The experimental system is shown in Fig. 1. The picosecond pulsed fiber laser is composed of an oscillator seed and a three-stage amplification structure. The narrow-linewidth picosecond pulsed seed source is a linear cavity semiconductor saturable absorber mirror (SESAM) mode-locked fiber oscillator operating at 1064 nm, whose structure is shown in Fig. 2. A 976 nm semiconductor laser diode (LD) pumps a single-clad polarization-maintaining ytterbium-doped active fiber with a core absorption of 250 dB/m through a 976/1064 nm wavelength division multiplexer (WDM). A SESAM with a modulation depth of 32% and a relaxation time of 3 ps is used as the high-reflection mirror to form the resonant cavity. When the saturable absorber is in the saturated state, the signal light passes through the saturable absorber completely and is reflected by the end mirror with nearly 100% reflection to ensure the stability of the oscillation system. To reduce the mode-locking threshold, a fiber Bragg grating (FBG) with a 3 dB bandwidth of 0.1 nm, a center wavelength of 1064.2 nm, and a reflectivity of 70% is used as the coupling grating at the output end of the oscillator system. The seed light is amplified in the main amplification system after passing through two pre-amplification stages. The gain fiber in the main amplification stage has a core diameter of 30 μm, a cladding absorption of 7.2 dB/m at 976 nm, a core numerical aperture of 0.06, an inner cladding diameter of 250 μm, and a cladding numerical aperture of 0.46. This experiment explores the influence of the properties of the signal light injected into the main amplification system on the final output laser power and Raman suppression ratio.

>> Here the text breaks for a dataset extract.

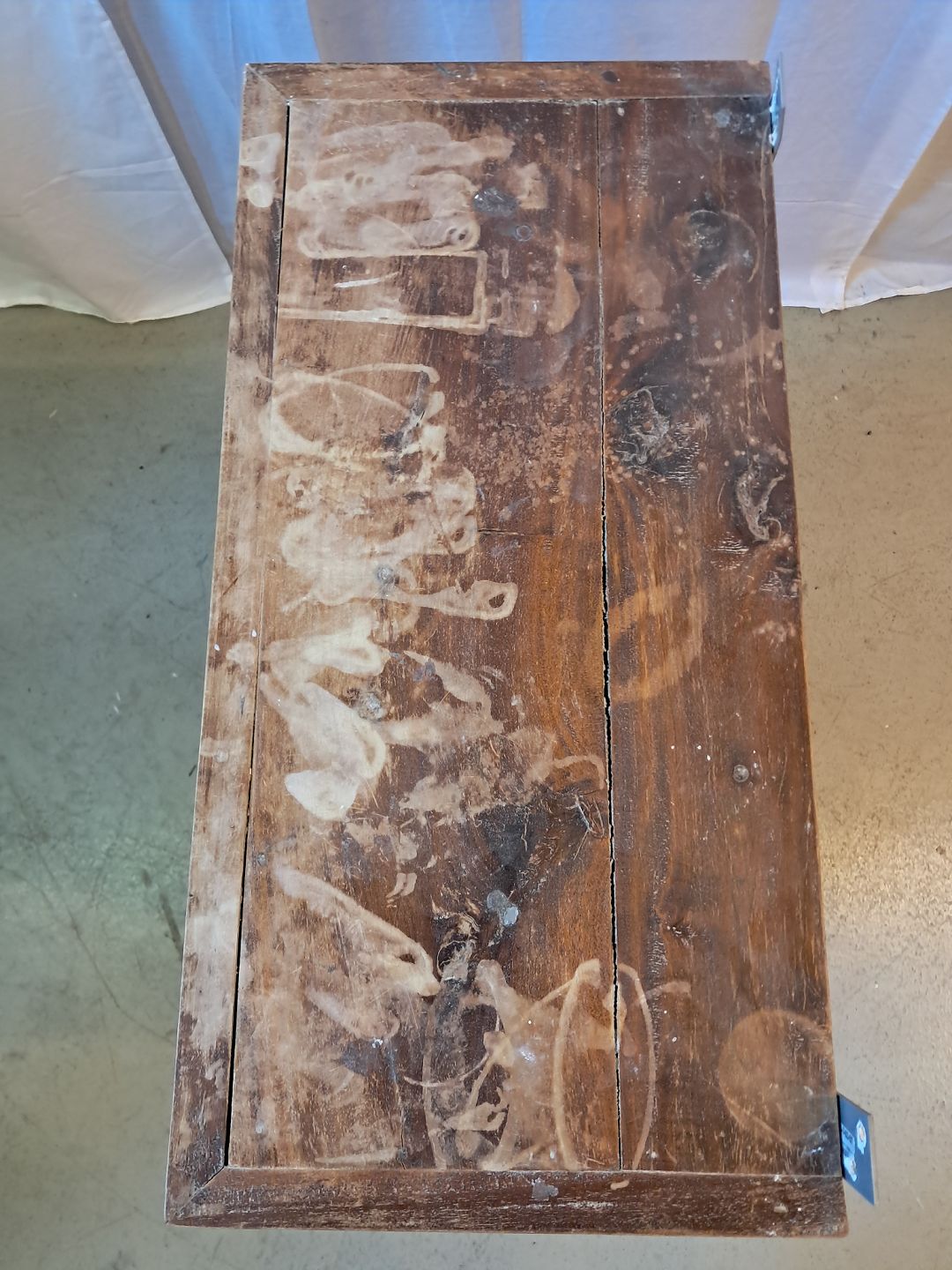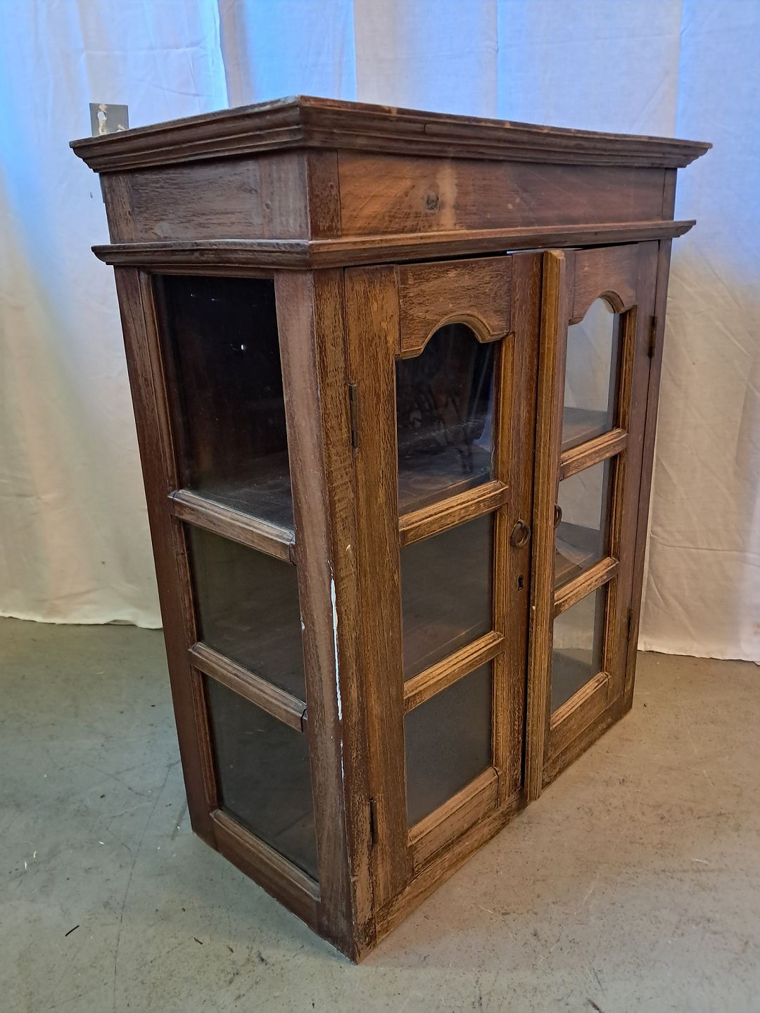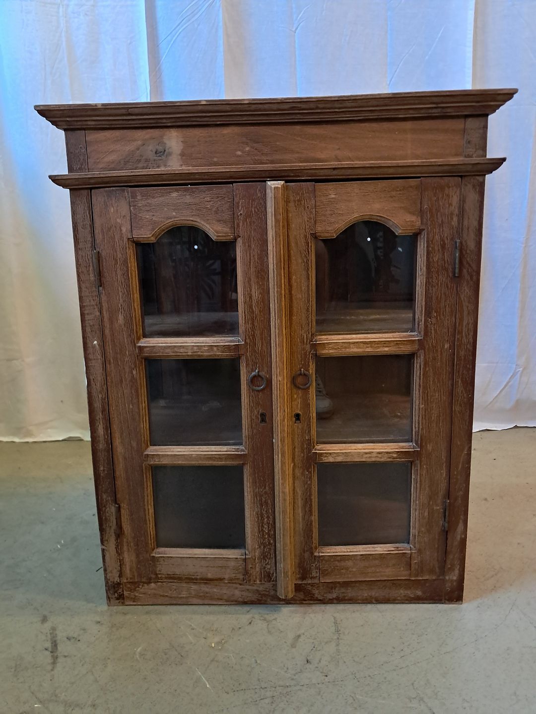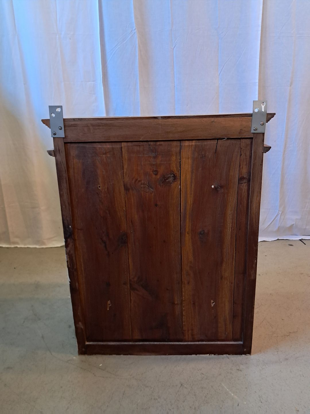 Vægskab i massivt mahogni, fra 1990erne. Det har brugsspor og låsen er defekt. Højde 80cm Bredde 66cm Dybde 32cm Emne nummer: 76685

The output power of the secondary preamplifier is controlled at 1.5 W. In the main amplification system, the length of the gain fiber is 2.3 m, and the fiber length of the passive devices such as cladding power stripper (CPS) and quartz block head (QBH) at the back end is optimized to 1.5 m. When the pump power is increased to 140 W, the maximum output power is 103 W, with a slope efficiency of 72.8%. The output results are shown in Fig. 5. Figure 5(a) shows the variation of the output laser power with the pump power. Figure 5(b) shows the output spectrum at the maximum output power of 103 W. At this time, due to the influence of the self-phase modulation (SPM) effect, the output spectrum is significantly broadened, as shown in the inset in Fig. 5(b). The SRS suppression ratio is 35 dB, and the polarization extinction ratio is 15 dB. Further power amplification is limited by the SRS effect. Figure 5(c) shows a schematic diagram of the final output pulse duration, which is broadened to 32.4 ps, with a repetition rate of 29 MHz and a 3 dB spectral width of 0.42 nm. The beam quality and beam waist profile at the maximum output power measured by the beam quality analyzer are shown in Fig. 5(d), with a beam quality factor M² of 1.11 (transverse beam quality factor Mx2=1.13 and longitudinal beam quality factor My2=1.09).

This paper discusses a narrow-linewidth picosecond pulsed fiber laser with a MOPA structure. The mode-locked seed source built independently by SESAM is amplified through three stages to achieve high peak-power laser output. The experiment investigates the influence of the injection power of the main amplification stage on the Raman threshold of the final output signal during the picosecond pulse amplification process. The main amplification system adopts high-absorption polarization-maintaining gain fibers. By optimizing the output power of the secondary pre-amplification and the system structure, a laser output with a central wavelength of 1064.2 nm, an average power of 103 W, a repetition rate of 29 MHz, a pulse duration of 32.4 ps, and a peak power of 110.9 kW is achieved. At this time, the Raman suppression ratio is 35 dB, the polarization extinction ratio is 15 dB, and the M² is 1.11. Further power enhancement is limited by the SRS effect.